What to work on |
Look below for the line containing "1.Ақын кейіпкері - 6" and the line containing "Ultra Soft Area"; repeat exactly those two lines and all lines between them, and nothing else.

Extracted entries Block Start

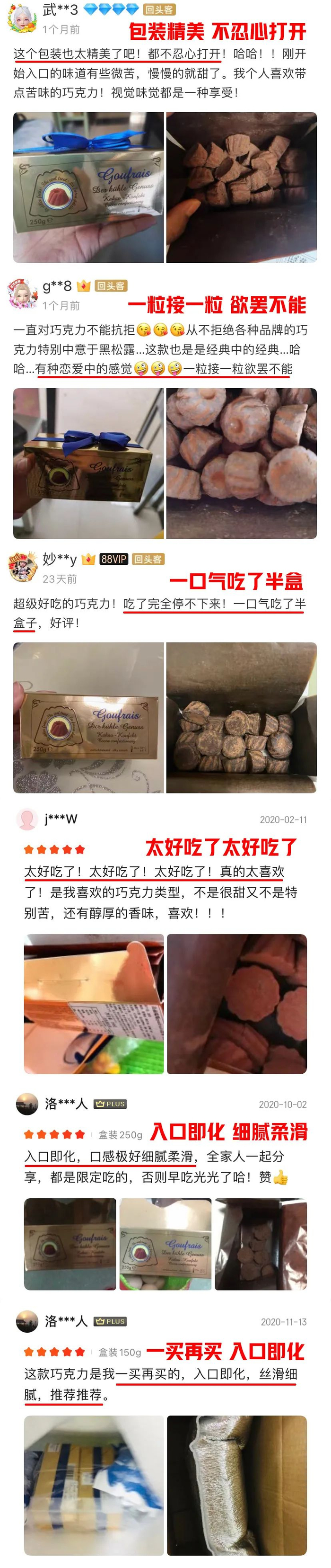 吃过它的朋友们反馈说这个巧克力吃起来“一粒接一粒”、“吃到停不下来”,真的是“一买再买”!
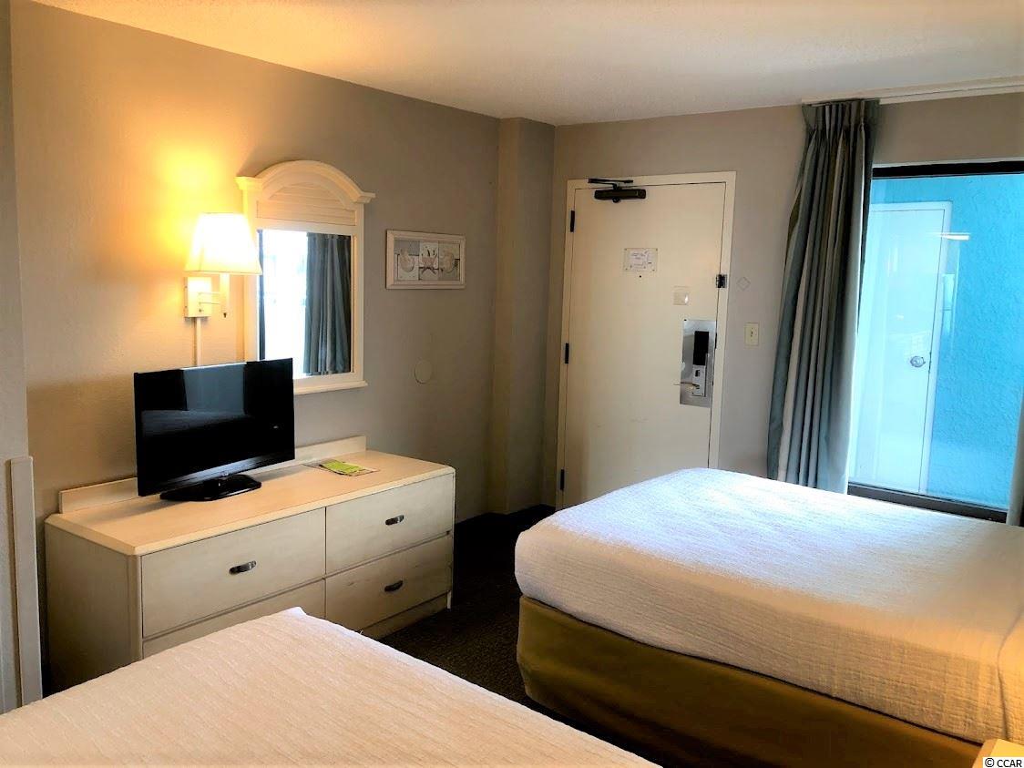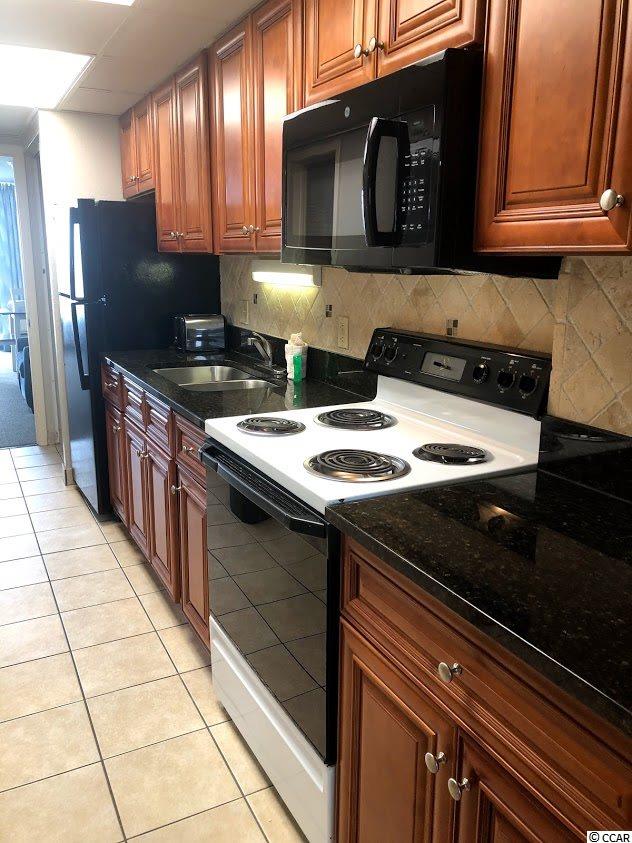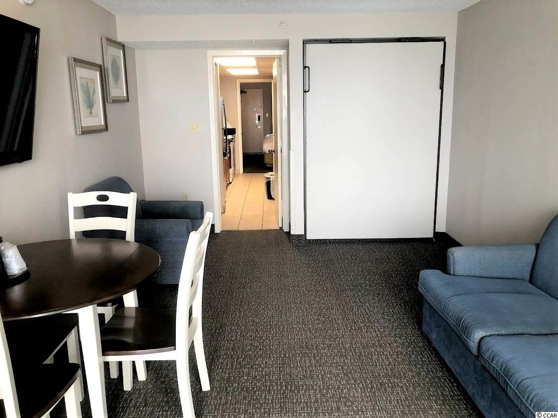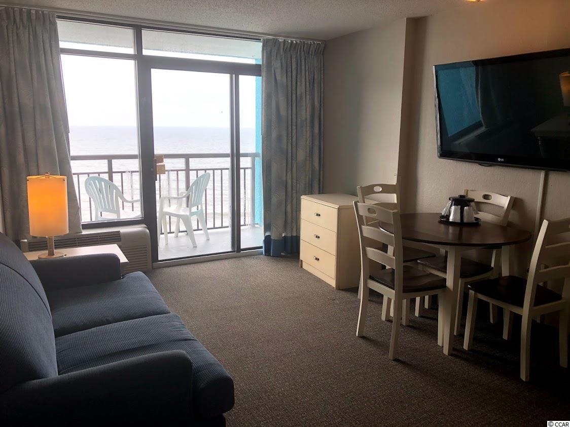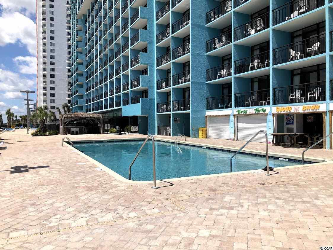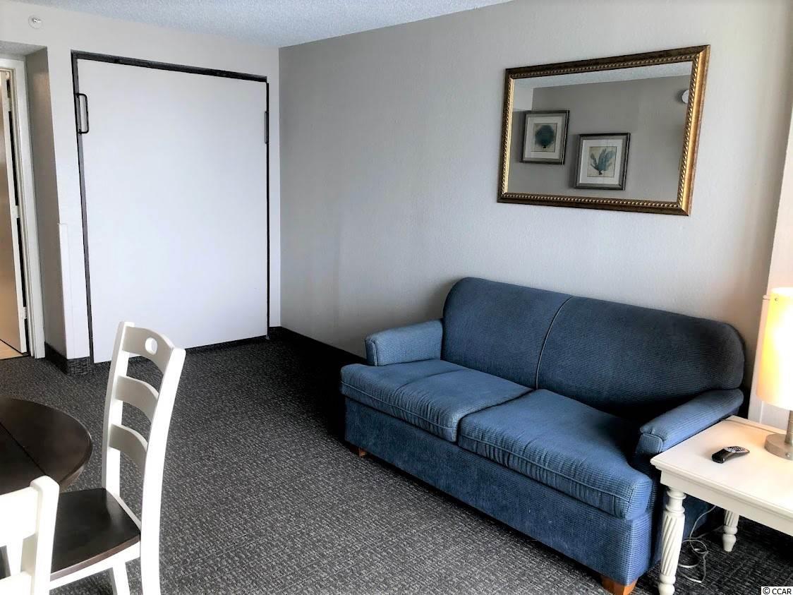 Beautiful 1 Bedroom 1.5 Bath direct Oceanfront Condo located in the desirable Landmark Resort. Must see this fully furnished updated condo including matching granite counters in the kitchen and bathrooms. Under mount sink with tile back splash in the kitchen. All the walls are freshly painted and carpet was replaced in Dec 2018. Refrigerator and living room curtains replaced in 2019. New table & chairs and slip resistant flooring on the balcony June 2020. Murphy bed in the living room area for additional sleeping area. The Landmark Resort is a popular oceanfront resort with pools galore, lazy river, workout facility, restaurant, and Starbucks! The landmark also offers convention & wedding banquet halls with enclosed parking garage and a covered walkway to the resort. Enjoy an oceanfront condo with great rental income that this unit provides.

Extracted entries Block End
Extracted entries Block Start

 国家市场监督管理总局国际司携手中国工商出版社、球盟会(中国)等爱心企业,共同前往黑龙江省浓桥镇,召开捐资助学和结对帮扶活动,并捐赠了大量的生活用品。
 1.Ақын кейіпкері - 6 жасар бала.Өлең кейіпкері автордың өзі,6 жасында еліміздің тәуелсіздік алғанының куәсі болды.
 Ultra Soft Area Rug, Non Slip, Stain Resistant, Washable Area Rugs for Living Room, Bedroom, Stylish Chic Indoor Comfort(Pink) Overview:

Extracted entries Block End

Expected output |
 1.Ақын кейіпкері - 6 жасар бала.Өлең кейіпкері автордың өзі,6 жасында еліміздің тәуелсіздік алғанының куәсі болды.
 Ultra Soft Area Rug, Non Slip, Stain Resistant, Washable Area Rugs for Living Room, Bedroom, Stylish Chic Indoor Comfort(Pink) Overview:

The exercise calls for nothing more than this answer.